NoA Review: 'Green'

First printed at www.movingpicturesnetwork.com
Reviewed by Elliot V. Kotek
(from the 2011 South by Southwest Film Festival)
Directed/Written by: Sophia Takal
Starring: Lawrence Michael Levine, Kate Lyn Sheil and Sophia Takal
After the first two minutes of “Green” — in which a relationship is on display at a Brooklyn party where its duo fight over literary masters for the position of first peacock — one worries this is a film set squarely at alienating everyone other than Noah Baumbach or a brother Coen.

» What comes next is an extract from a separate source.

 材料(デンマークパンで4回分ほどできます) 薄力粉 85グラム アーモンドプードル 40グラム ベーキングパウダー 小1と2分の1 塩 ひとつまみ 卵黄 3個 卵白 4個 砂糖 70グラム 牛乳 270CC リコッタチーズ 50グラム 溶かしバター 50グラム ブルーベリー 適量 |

Cut to Sebastian (Lawrence Michael Levine) and Genevieve (Kate Lyn Sheil) arriving at a country house in the midst of nature, alone and less argumentative, soon naked and searching each other for tick bites. Cue a knock on the door: A neighbor, Robin (the film’s helmer, Sophia Takal), arrives drunk and smoking pot on their doorstep. Takal’s boastfully uneducated Robin proceeds to make herself at home in the couple’s company, turning up at welcome and unwelcome moments and interrupting the quiet with her brand of verbal diarrhea.
A disquieting score akin to “The Shining” suggests an evil on its way from within the woods, and, as does every film when city folk head to the bush, it invokes a sense of Stanley Kubrick’s thriller or other chill generators such as “Deliverance” and “Straw Dogs.”

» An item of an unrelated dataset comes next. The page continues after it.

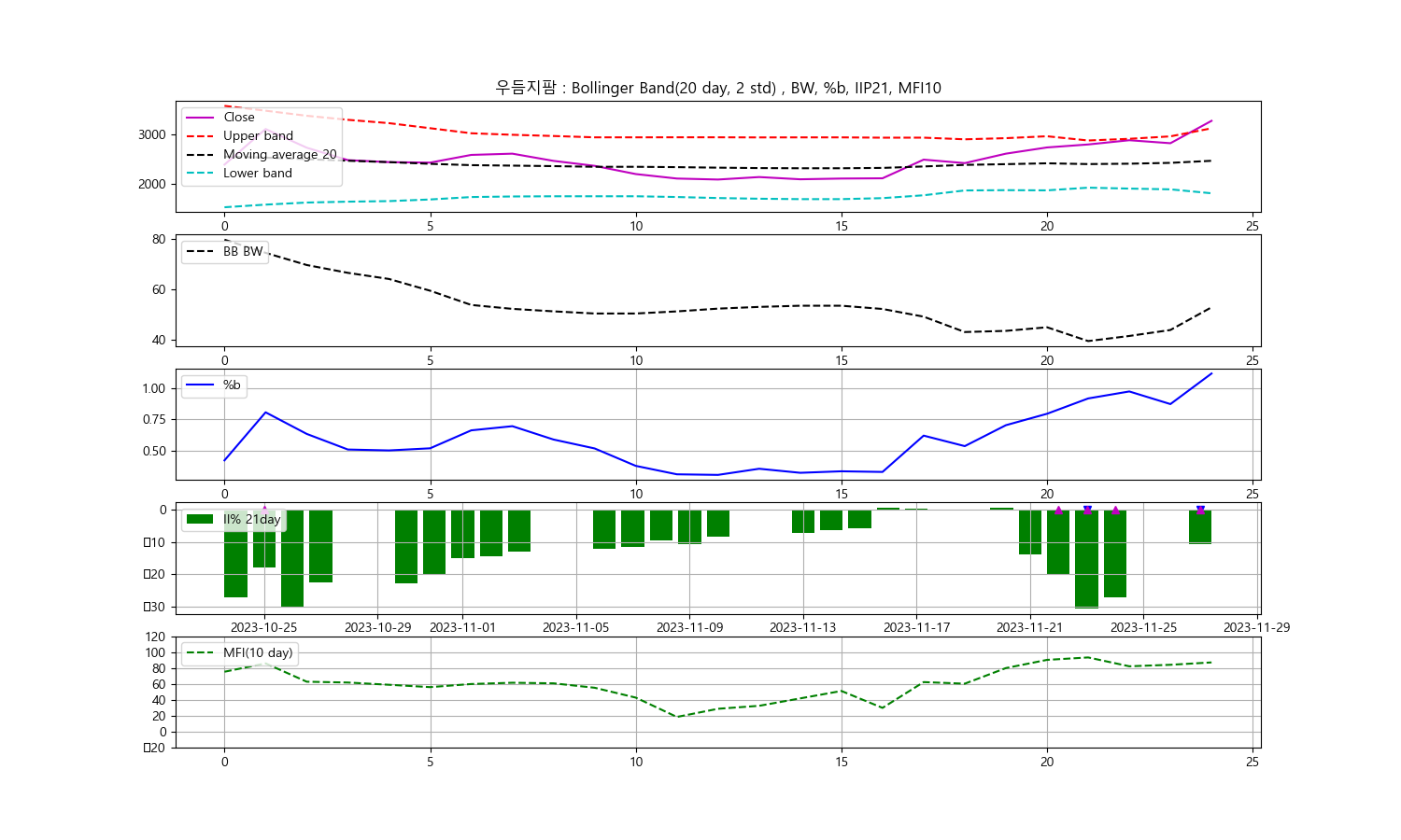 안녕하세요, 두부작가입니다. 오늘은 2023년 11월 27일을 기준으로 한 우듬지팜 주식에 대한 기술분석을 진행해보겠습니다. 주식의 종가를 중심으로 한 볼린저밴드, 일중강도율(IIP), 현금흐름지수(MFI)를 통해 향후 투자 동향을 알아보겠습니다.

Levine’s Jason Schwartzman-like hipster look works well for the film, and despite his character’s attempts to get into the local scene, he never looks like someone who should feel at ease in this rural setting. Ultimately, however, Sheil’s Genevieve and Takal’s Robin are the most effective tools of this film’s expression, each appearing to balance on opposite edges of a sword and both searingly interesting, especially when internal jealousies begin to rage, questions become concerns and insecurities seem insurmountable.
In just 72 minutes, the filmmaker succeeds in keeping us in a constant state of curiosity, wondering if and when something sinister will unfold and whether it will be the Brooklyn-ites or the Southern simpleton who’ll inflict the damage. So much of the mood of the movie is inculcated by Robert Malone’s sounds and Nandan Rao’s visuals that one could not imagine how they would or could have been executed any more perfectly, even when off-kilter.
While “Gabi on the Roof in July” outed Takal and fiancé Levine as an interesting team on which to keep an eye (that effort helmed by Levine), “Green” is the film that shows the pronounced poise Takal has as a filmmaker and cements her as a future player alongside Laurel Nakadate (“The Wolf Knife”) in this multi-faceted medium.